Discussion Questions for the Live Session
In modern applications, would 50 bootstrap replicates
still be the best choice?
Should we use an adaptive method to determine the number of bootstraps
dynamically?
Does bagging improve interpretability or just
accuracy?
How does bagging affect the interpretability of decision trees, and
should we sacrifice interpretability for performance?
What are the trade-offs of bagging vs. other ensemble
methods like boosting?
While bagging reduces variance, boosting reduces bias. In what
situations should one be preferred over the other?
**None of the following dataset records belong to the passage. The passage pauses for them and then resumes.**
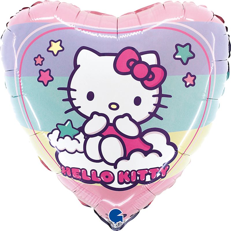 Ballon alum. en vrac Hello Kitty, Cœur arc-en-ciel, 49 cm
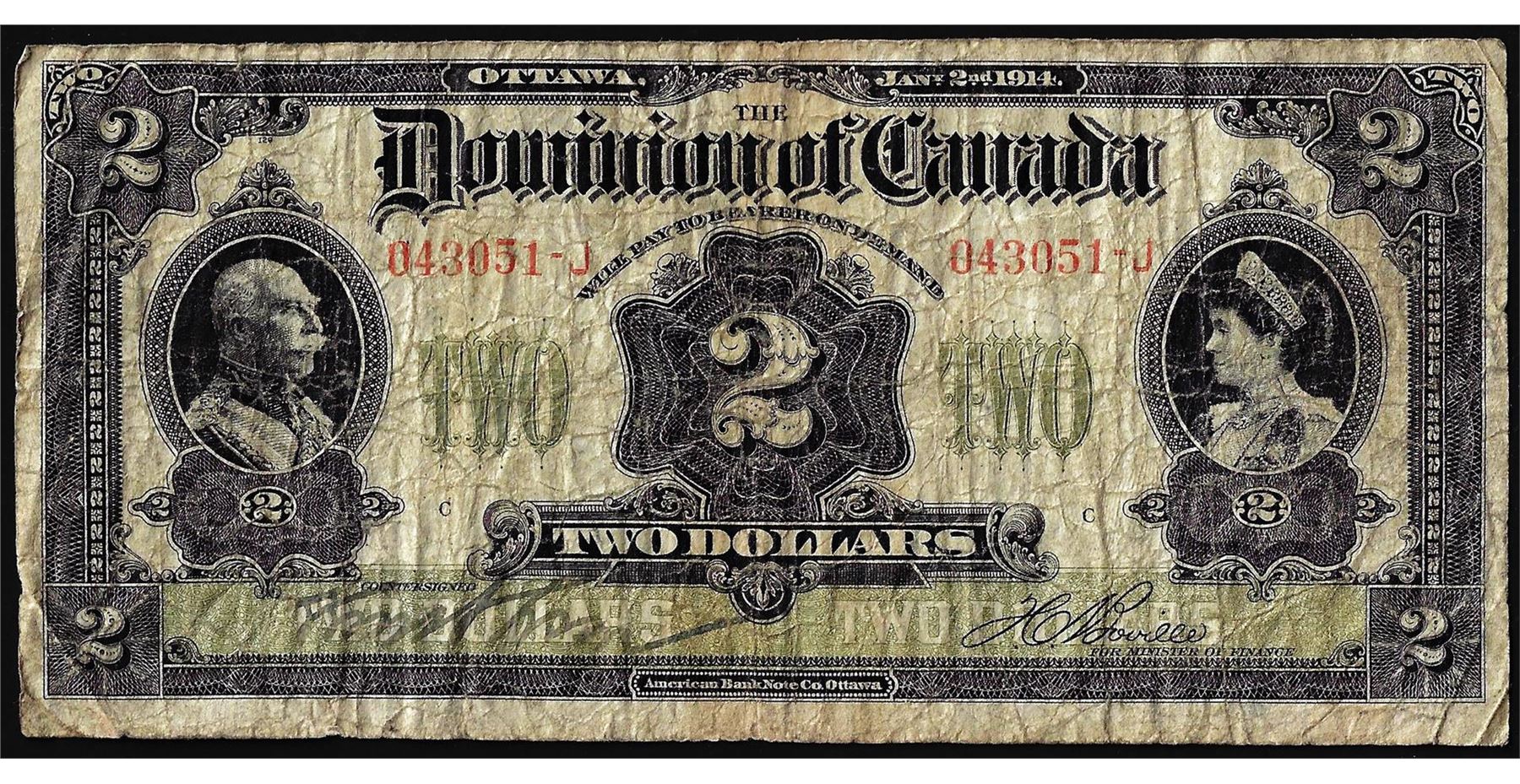 One 1914 $2 Dominion Bank of Canada Note.
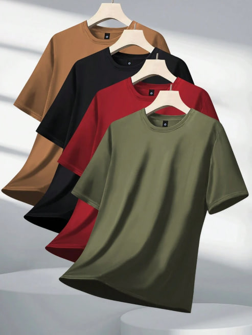 Fit Short Sleeve Solid Color Basic T-Shirt
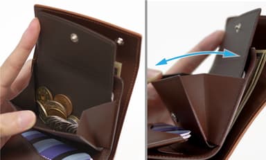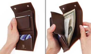 スマホのように縦に持って使う、持ちやすさ・安定性・視認性に優れた折財布です。「現金もまだまだ使う」という方も使いやすいコンパクト財布を目指し開発しました。中身を入れても型崩れしない、ころんとしたフォルム。男性はもちろん、女性にもオススメです。
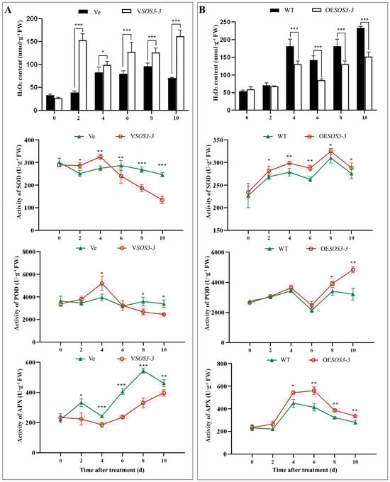 Effects of VSOS3-3 and OESOS3-3 on H2O2 content and antioxidant enzyme activity for tomato under salt stress. (A) H2O2 content and antioxidant enzyme activity of Ve and VSOS3-3 under salt stress; (B) H2O2 content and antioxidant enzyme activity of WT and OESOS3-3 under salt stress. Asterisks indicate significant differences between VSOS3-3 and Ve as well as WT and OESOS3-3. *, p < 0.05; **, p < 0.01; ***, p < 0.001, Student’s t test.
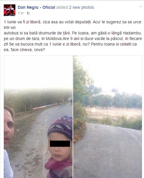 ''1 Iunie va fi zi liberă, cică așa au votat deputații. Acu' le sugerez să se urce într-un autobus și să bată drumurile țării. Pe Ioana, am găsit-o lângă Hadambu, pe un drum de țară, în Moldova. Are 9 ani și duce vacile la păscut, în fiecare zi! Se va bucura mult că 1 Iunie e zi liberă, nu? Pentru Ioana și ceilalți ca ea, face cineva, ceva?'', a scris Dan Negru.
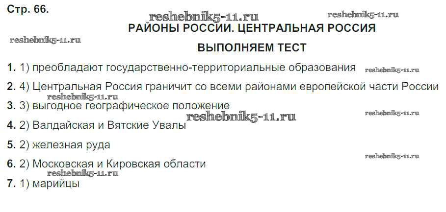 Готовая домашняя работа с ответами по Географии за 9 класс Ходова, Ольховая Тетрадь-тренажер Сферы Просвещение 2016 ФГОС - Глава 2. Районы России стр.66
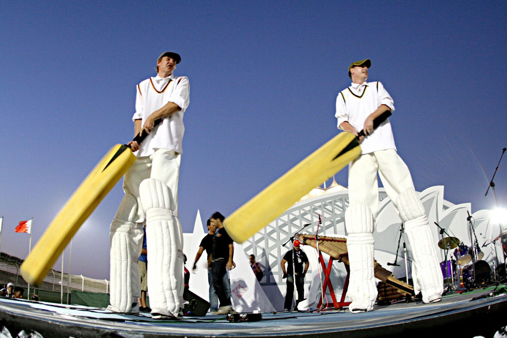 Originally commissioned for the Scarborough Cricket Festival, these cricket themed stilt walkers have been entertaining audiences around the world for well over a decade. Dressed in all their cricket attire complete with over sized bats they demonstrate their unparalleled cricketing skills with a good dose of humour, quick wit and charm thrown in for good measure!
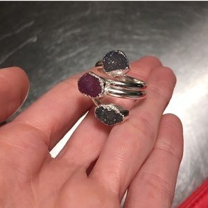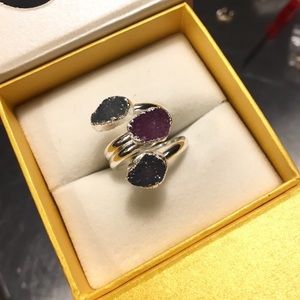 Handmade and never worn! Would make a perfect Christmas gift! Approximately a size 8. Silver plated, so is not 925 silver and will likely have another metal under the plating - most likely copper. I would advise to remove the ring if you are washing dishes or doing manual labor as not to erode the silver plating. I’d consider it more of a beautiful cocktail ring that needs to be cared for and loved to ensure that it lasts for years and years!
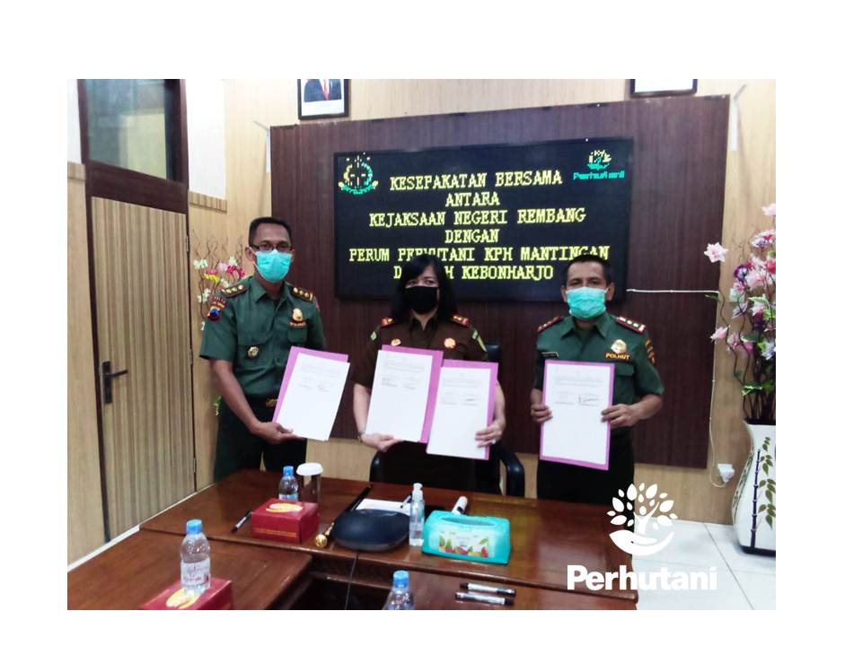 Hadir dalam penandatanganan MoU, Administratur KPH Mantingan Widodo Budi Santoso, Kepala Kejaksaan Negeri Rembang Anita Asterida, Kepala Seksi Perdata dan Penuntutan Dwi Ciptotunggal, Administratur KPH Kebonharjo Joko Santoso, beserta jajaran masing-masing.

This experiment is an attempt to replicate Breiman’s
findings and demonstrates the effectiveness of bagging in improving
model accuracy.
Discussion Questions:
- How does the number of bootstrap samples affect model
performance?
- What are the trade-offs between bagging and a single decision
tree?
- When would you use random forests over bagging?
Summary:
- Entropy quantifies randomness and information
gain.
- Gini Impurity measures classification
uncertainty.
- Partition Trees recursively split data for
decision-making.
- Bagging builds multiple models using bootstrap
aggregation.
- Random Forests improve bagging by introducing
feature randomness.
Three Relevant Questions for the Professor:
Regarding Entropy and Gini Impurity:
How do we decide when to use entropy versus Gini impurity as the
criterion for splitting in a decision tree? Are there specific datasets
or conditions where one consistently outperforms the other?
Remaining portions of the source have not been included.